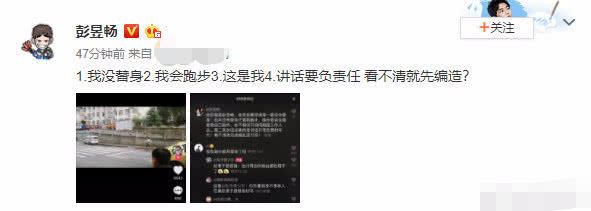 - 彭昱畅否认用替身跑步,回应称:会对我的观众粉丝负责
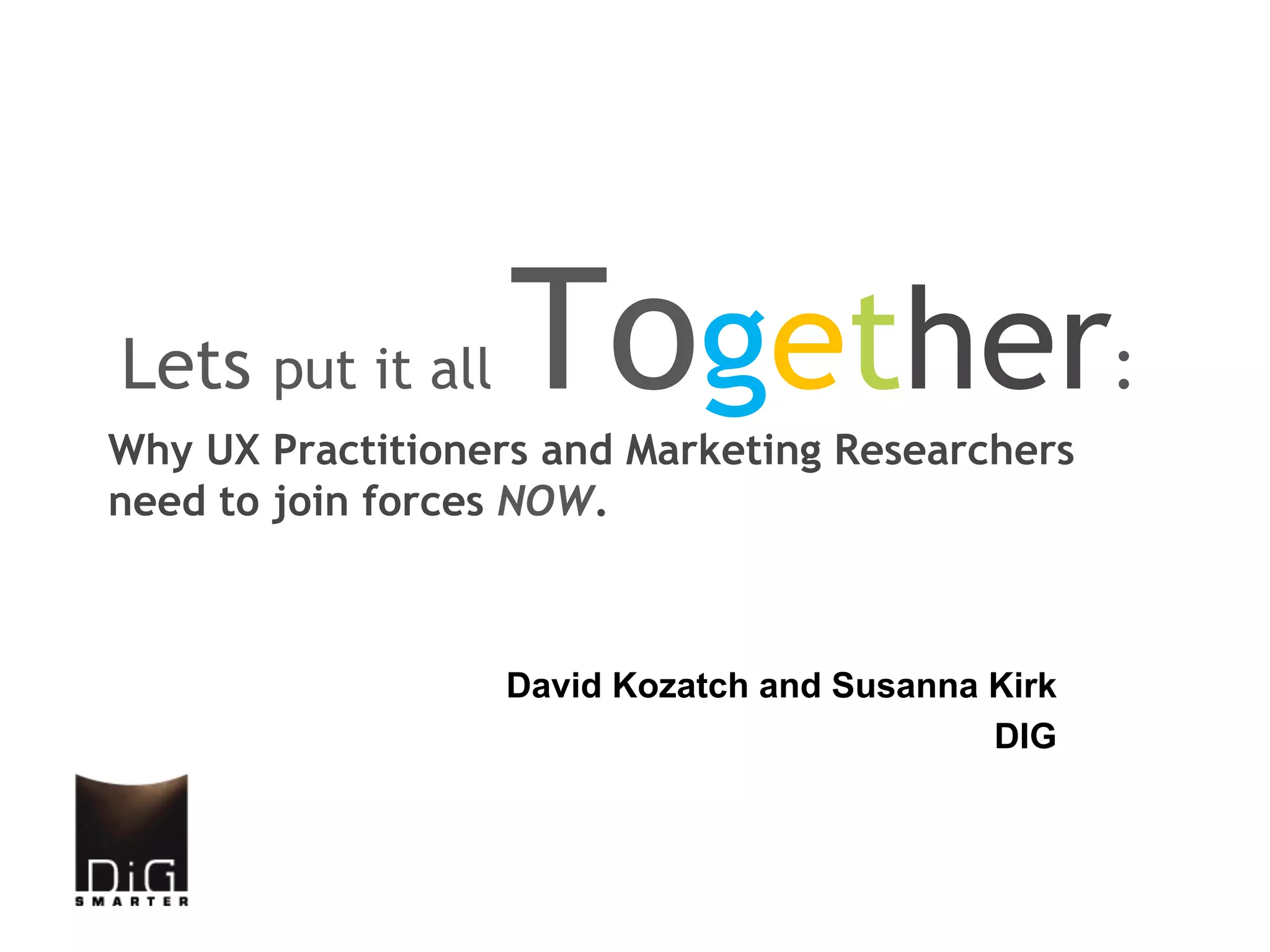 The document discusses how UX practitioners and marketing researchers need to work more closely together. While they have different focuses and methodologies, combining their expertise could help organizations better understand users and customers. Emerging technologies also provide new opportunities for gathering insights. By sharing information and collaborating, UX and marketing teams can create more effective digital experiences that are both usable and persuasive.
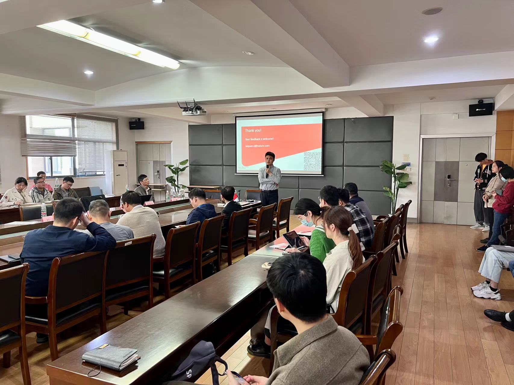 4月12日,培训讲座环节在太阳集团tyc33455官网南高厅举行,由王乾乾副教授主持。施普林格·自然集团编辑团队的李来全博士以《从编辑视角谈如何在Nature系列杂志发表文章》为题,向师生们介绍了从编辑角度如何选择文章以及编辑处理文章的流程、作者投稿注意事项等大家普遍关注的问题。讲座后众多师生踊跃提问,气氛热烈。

★ ★ ★

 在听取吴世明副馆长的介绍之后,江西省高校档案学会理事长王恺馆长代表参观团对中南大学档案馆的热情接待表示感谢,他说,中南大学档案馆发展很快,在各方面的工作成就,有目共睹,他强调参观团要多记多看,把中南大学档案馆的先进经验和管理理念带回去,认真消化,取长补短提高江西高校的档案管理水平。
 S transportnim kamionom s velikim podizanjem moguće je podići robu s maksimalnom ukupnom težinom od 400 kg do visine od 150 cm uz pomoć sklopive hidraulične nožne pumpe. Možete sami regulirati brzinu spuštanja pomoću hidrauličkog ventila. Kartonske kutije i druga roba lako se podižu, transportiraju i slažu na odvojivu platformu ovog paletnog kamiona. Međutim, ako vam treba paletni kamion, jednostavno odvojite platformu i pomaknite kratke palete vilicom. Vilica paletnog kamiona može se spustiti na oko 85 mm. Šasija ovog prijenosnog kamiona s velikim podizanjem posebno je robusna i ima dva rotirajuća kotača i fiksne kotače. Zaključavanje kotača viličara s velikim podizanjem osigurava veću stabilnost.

★ ★ ★

### What is required
Those lines of the records above that run from the one containing "The document discusses" through the one containing "4月12日,培训讲座环节在太" should be returned exactly, with no pictures among them.

### Solution to the problem
 The document discusses how UX practitioners and marketing researchers need to work more closely together. While they have different focuses and methodologies, combining their expertise could help organizations better understand users and customers. Emerging technologies also provide new opportunities for gathering insights. By sharing information and collaborating, UX and marketing teams can create more effective digital experiences that are both usable and persuasive.
 4月12日,培训讲座环节在太阳集团tyc33455官网南高厅举行,由王乾乾副教授主持。施普林格·自然集团编辑团队的李来全博士以《从编辑视角谈如何在Nature系列杂志发表文章》为题,向师生们介绍了从编辑角度如何选择文章以及编辑处理文章的流程、作者投稿注意事项等大家普遍关注的问题。讲座后众多师生踊跃提问,气氛热烈。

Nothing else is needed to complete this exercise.